For private equity-owned businesses during the pandemic, the strategy has been the exact opposite.

Priority #1: Dividend To Shareholders

With interest rates at all-time lows and the Fed supporting every corner of the credit market, private equity firms have been taking on significant sums of debt to fund shareholder dividends:

  • Dividend recapitalizations, as these payouts are known, shot up more than 25% this year to over $29 billion, according to S&P Global Market Intelligence’s LCD.
  • Tech firms that staved off the pandemic relatively well accounted for many of this year’s larger payouts. KKR took in $560 million this July from Epicor Software and Blackstone Bumble dating app’s parent corporation.

While dividend-recaps have always been part of the private equity playbook, a subtle regulation change in 2017 has ignited the recent fervor.
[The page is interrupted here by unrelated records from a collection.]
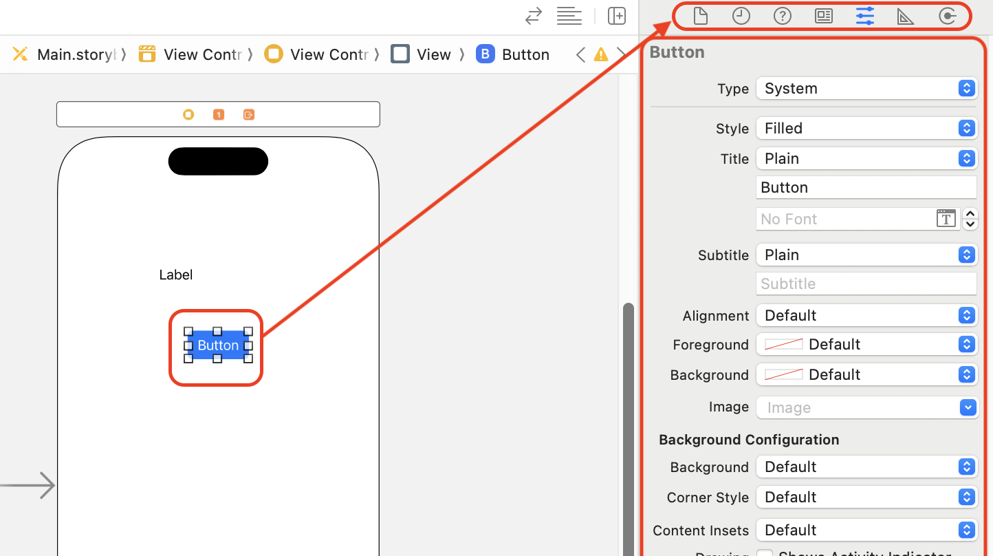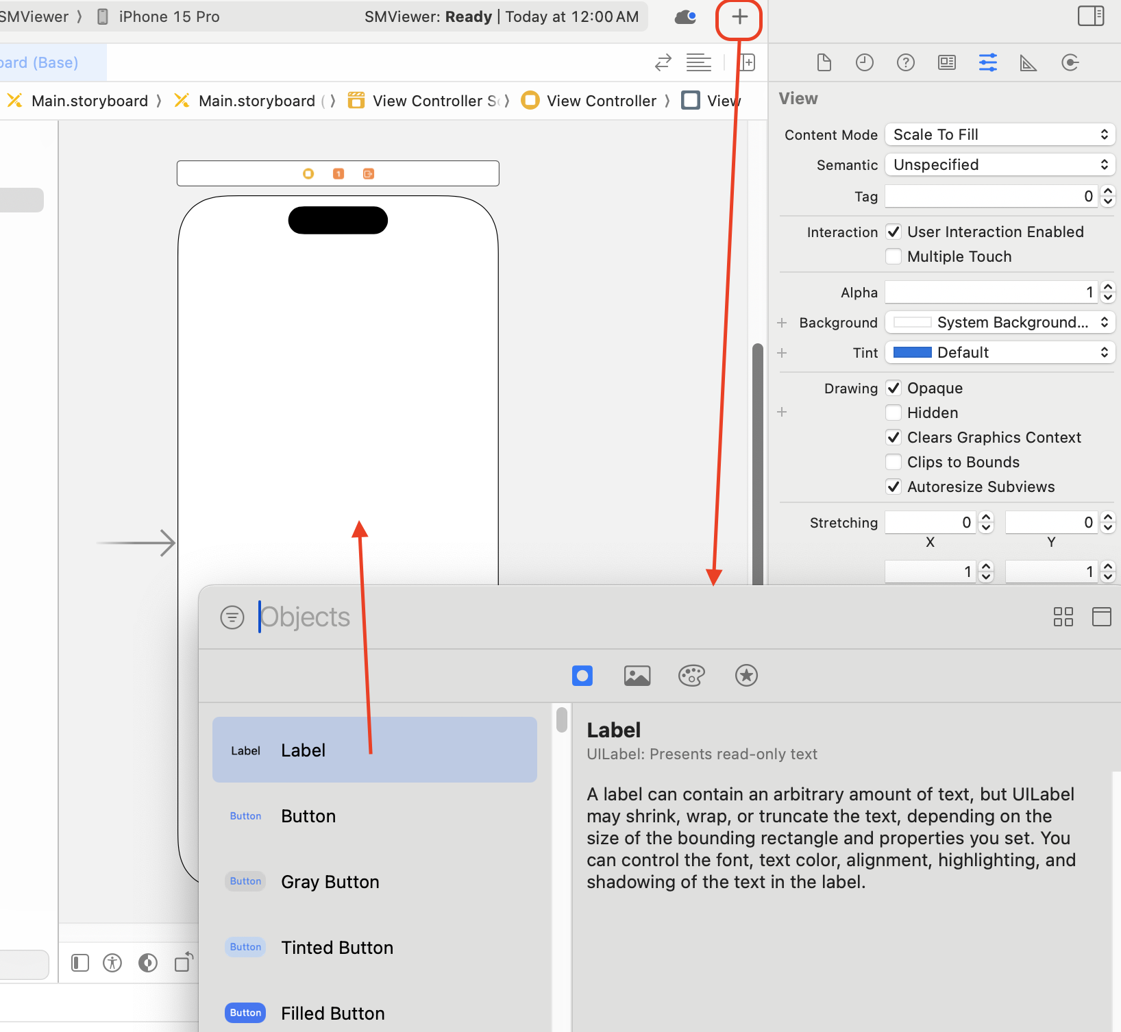 + 버튼을 누르면 Label, Button, Slider, Segmented Control, Switch, Stepper 등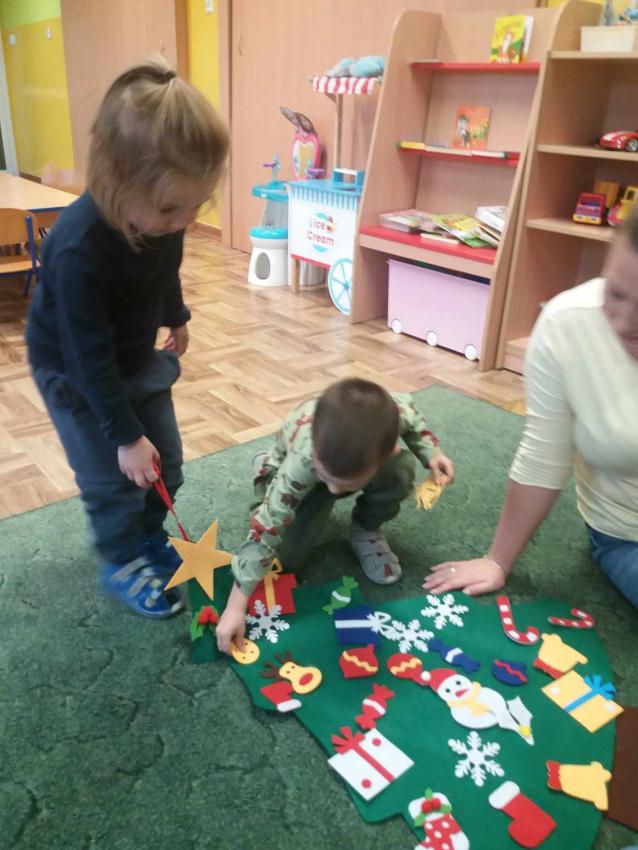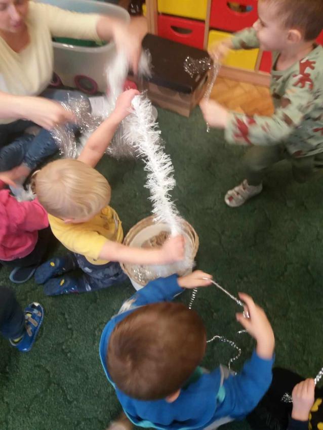 Sensoryczne zajęcia świąteczne z mamą Rozalki w grupie Żabki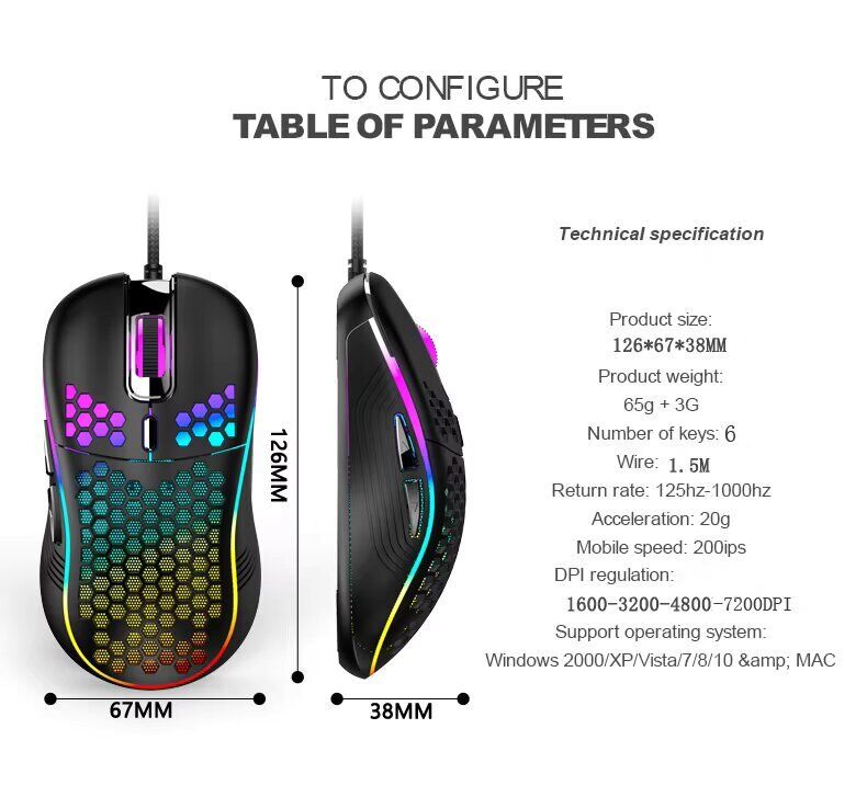 Игровая мышь D110 с цветным проводным отверстием 7200DPI RGB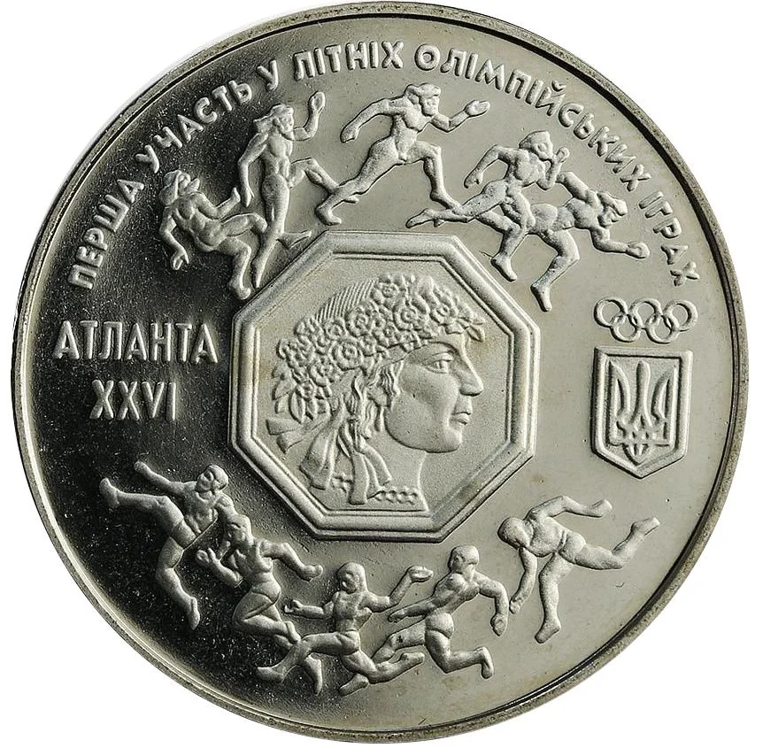 A central octahedron features Ukraine's symbolic maiden from the 1918 Narbut banknote. It is flanked by five ancient and five modern athletes. To its right is the National Olympic Committee of Ukraine emblem, and to its left, the inscription: АТЛАНТА XXVI.
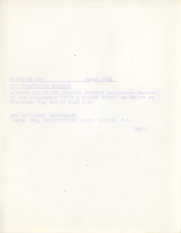 Michael Bentine It's a Square World holding gun Original 6x8 approx Photo Stamped with Snipe 1962 Near Mint Condition This item is an ORIGINAL 8x10 photo from the historic archives of Silver Screen Mementos. This original photograph was made in the actual year the film, television show or event was produced. The movie studios produced publicity photographs for distribution to the press, photo agencies and publicity departments to advertise the film/tv show or event. Very often original photos have press release information on the reverse of the photo - movie credits, description of the scene, event and people involved. This is a historic piece of cinema art and is being offered from one collector to another, no rights given or implied. Silver Screen are gradually releasing thousands of Original Photographs, Transparencies, Negatives, Lobby Cards, Posters, Magazines and other memorabilia from our historic archive.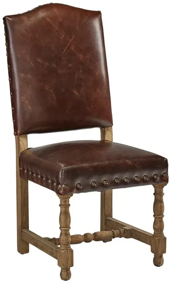 Hadassah French Brown Leather Upholstered Oak Wood Nailhead Dining Side Chair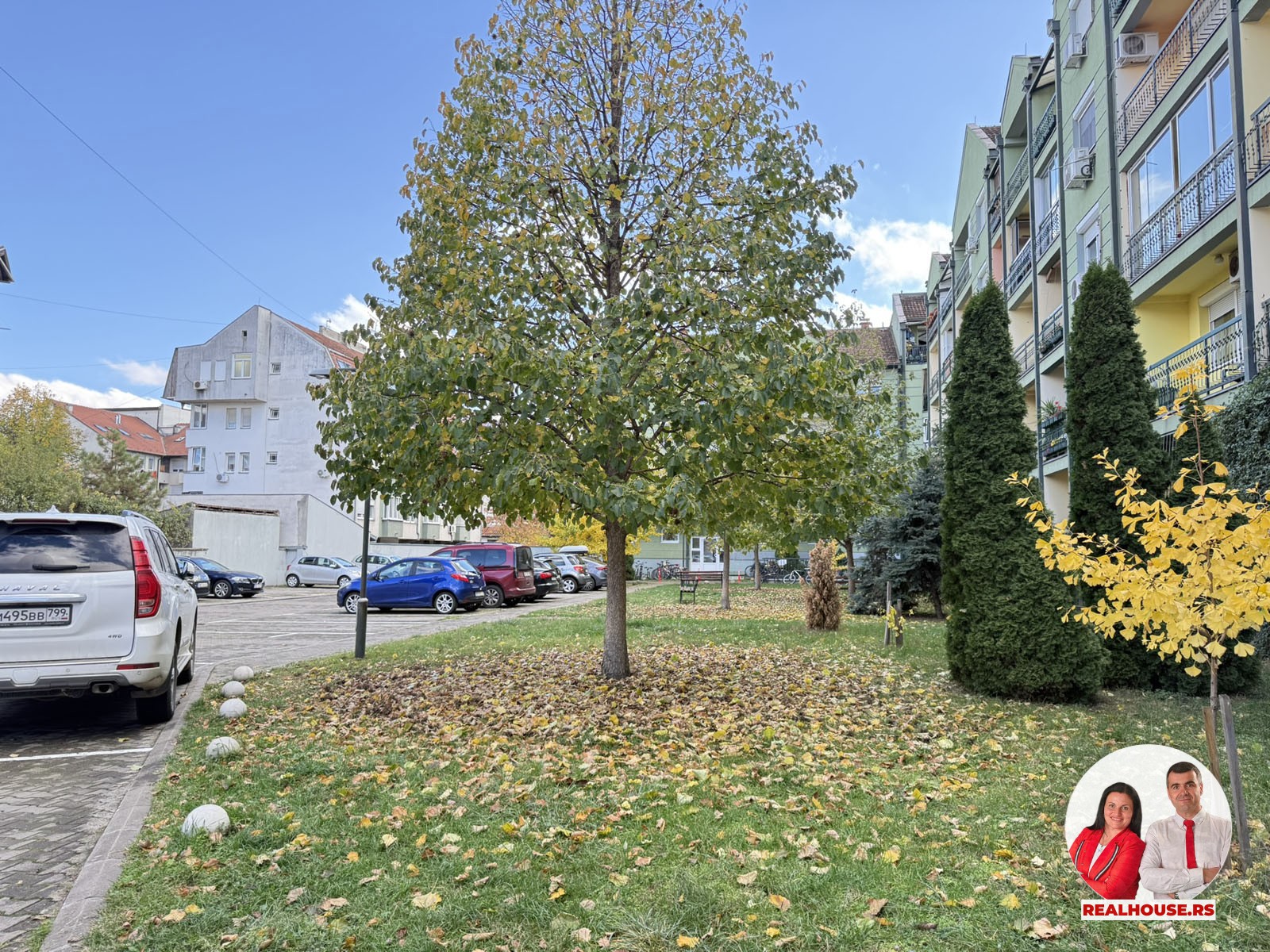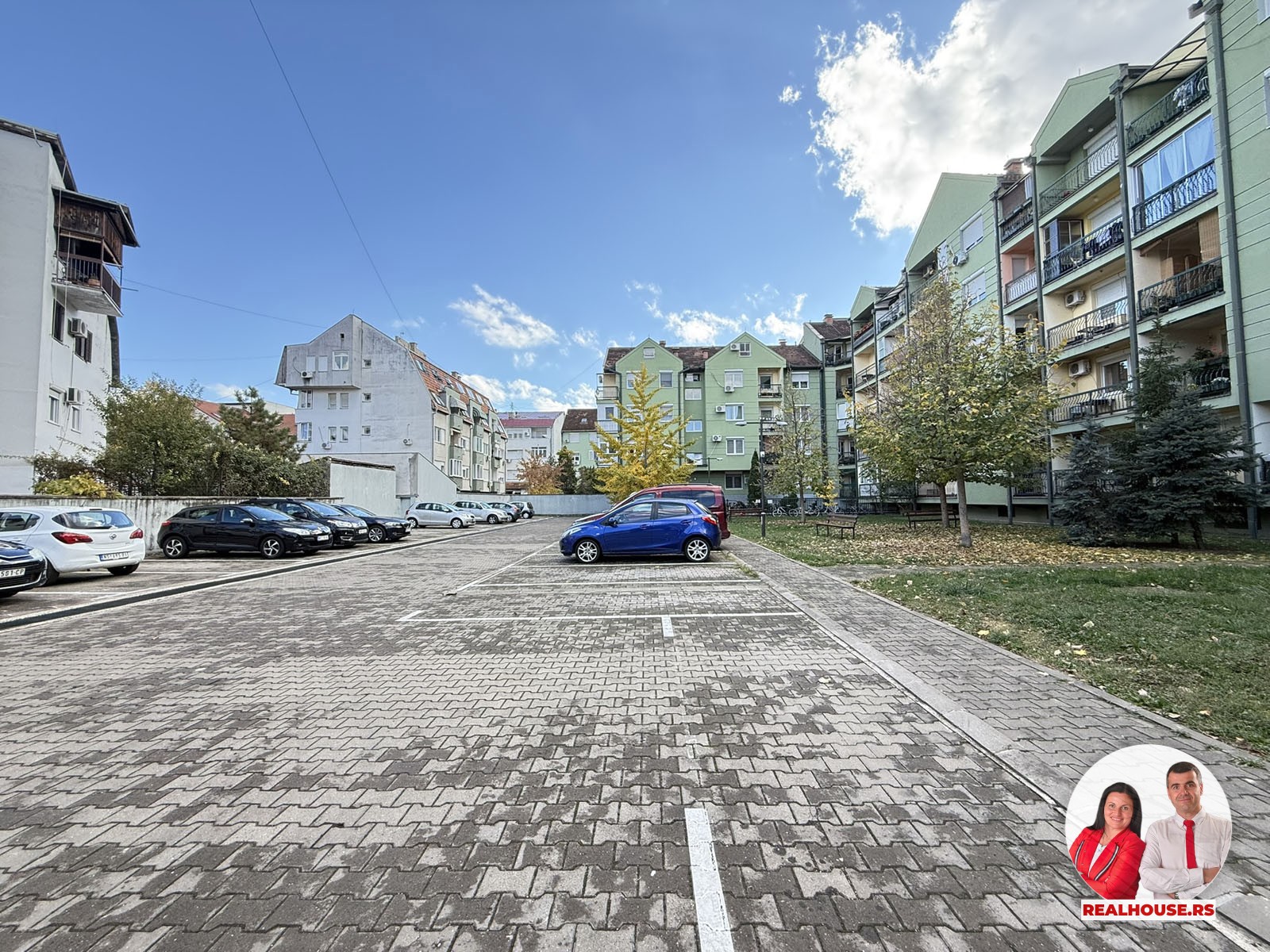 Stan se nalazi u stambenoj zgradi sa liftom, koja ima ogromno sopstveno dvorište sa malim parkom gde možete na klupama popiti kafu, pričuvati dete ali i sa velikim parkingom rezervisanim samo za stanare zgrade.

Quick History Foray: In 2013, the FDIC and the Office of the Comptroller of the Currency issued guidance that limited leveraged buyouts to six-times a company’s EBITDA (a proxy for cash flow). But in 2017, with new guidance from the Government Accountability office, regulators announced they would no longer punish banks for violating the six-times EBITDA restriction

Animal spirits ignited – and now roughly 40% of leveraged loans tied to corporate mergers and buyouts boost debt above that threshold, according to data from Covenant Review.

Why It Matters

Unlike the activity that precipitated the financial crisis, many of the leverage is not held on the balance sheets of the “too big too fail” financial institutions. As a result, some say there the increase in leverage doesn’t result in more systemic risk.

But Last week, the Financial Stability Oversight Council — a panel of regulators led by Treasury secretary Steven Mnuchin — warned that courts could get overwhelmed with coronavirus-fueled bankruptcy filings, causing a log-jame that prevents borrowers from quickly quickly restructuring their debts, forcing many into liquidation.

The Takeaway: For now, it’s a boom time. The private equity industry has grown from $1.5 trillion under management to $4.7 trillion as of this year.